Ganz erfreulich sei, dass bereits der erste Bauplatz reserviert worden sei, was man als einen "Super-Startschuss" werten könne. "Auf das Dorf können die Bewohner stolz sein, denn es ist eine Menge los", betonte der Bürgermeister. Deshalb lohne es sich auch, nach Unterwittstadt zu ziehen, wo die Dorfgemeinschaft prächtig funktioniere.

Der Bürgermeister ging dann noch kurz auf die Eckdaten der jetzt begonnenen Maßnahme ein, deren Planungszeit 18 Monate betrug. Baumaßnahmen auch im Rahmen der Flurneuordnung erfolgen sowohl im Außenbereich als auch in der Innenlage des Stadtteils.

Die Flurneuordnung gewährte einen Zuschuss in Höhe von 174 000 Euro. Nach weiteren Zuschüssen verbleibt bei der Stadt ein eigener Finanzierungsanteil von rund 260 000 Euro. Für die Arbeiten am Straßenbau sind 600 000 Euro, für die Abwasserentsorgung 79 000 Euro und für neue Wasserleitungen 57 000 Euro veranschlagt. Die Kosten der Erneuerung der Straßenbeleuchtung, die auf LED-Lampen umgestellt wird, belaufen sich auf weitere 80 000 Euro.

Wie der Bürgermeister abschließend betonte, geht mit diesen Bauarbeiten für die Anwohner ein lang ersehnter Wunsch in Erfüllung. Denn Jahrzehnte lang mussten sie über die derzeitige "Schotterpiste" im Brunnenweg zu ihren Anwesen fahren.

Von Thenen, der sich eine unfallfreie Baustelle wünschte, bat auch die Anlieger um Verständnis, denn während der Maßnahme könne es schon zu Straßensperrungen kommen.
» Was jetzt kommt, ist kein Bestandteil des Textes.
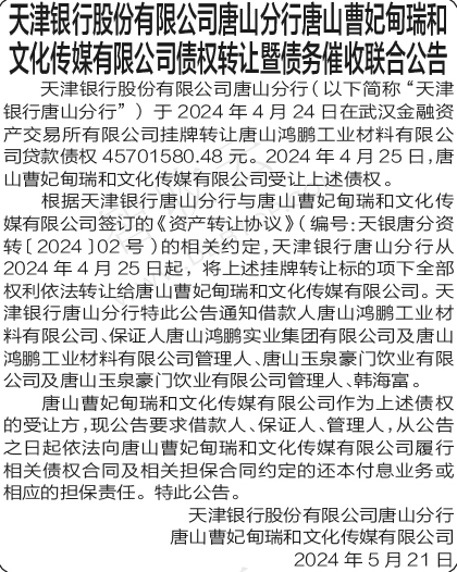 唐山鸿鹏工业材料有限公司,唐山玉泉豪门饮业有限公司,天津银行股份有限公司唐山分行唐山曹妃甸瑞和文化传媒有限公司债权转让暨债务催收联合公告,公告日期:2024-05-23,转让方:天津银行股份有限公司唐山分行,受让方:唐山曹妃甸瑞和文化传媒有限公司,资产总额:4570.2万元。

Diplomingenieur Marco Rieß bedankte sich bei der Stadt für das entgegengebrachte Vertrauen und erläuterte nochmals die vorgesehene Baumaßnahme im Weinbergweg und in der Brunnenstraße. Zusätzlich werde noch ein 150 Meter langes Feldwegstück saniert. Begleitende Baumaßnahmen, angeregt von der Flurneuordnung, wie die Anlage von Parkplätzen sowie die Neugestaltung des vorhandenen Grabens seien ebenfalls vorgesehen.

Rieß dankte neben der Stadt auch der Flurneuordnung für die gute Zusammenarbeit. Mit der Firma Boller habe man einen kompetenten Unternehmer gefunden. Er hoffe auf einen weiteren zügigen Verlauf der Bauarbeiten, schloss Rieß. Steffen Boller bedankte sich für die Erteilung des Auftrags.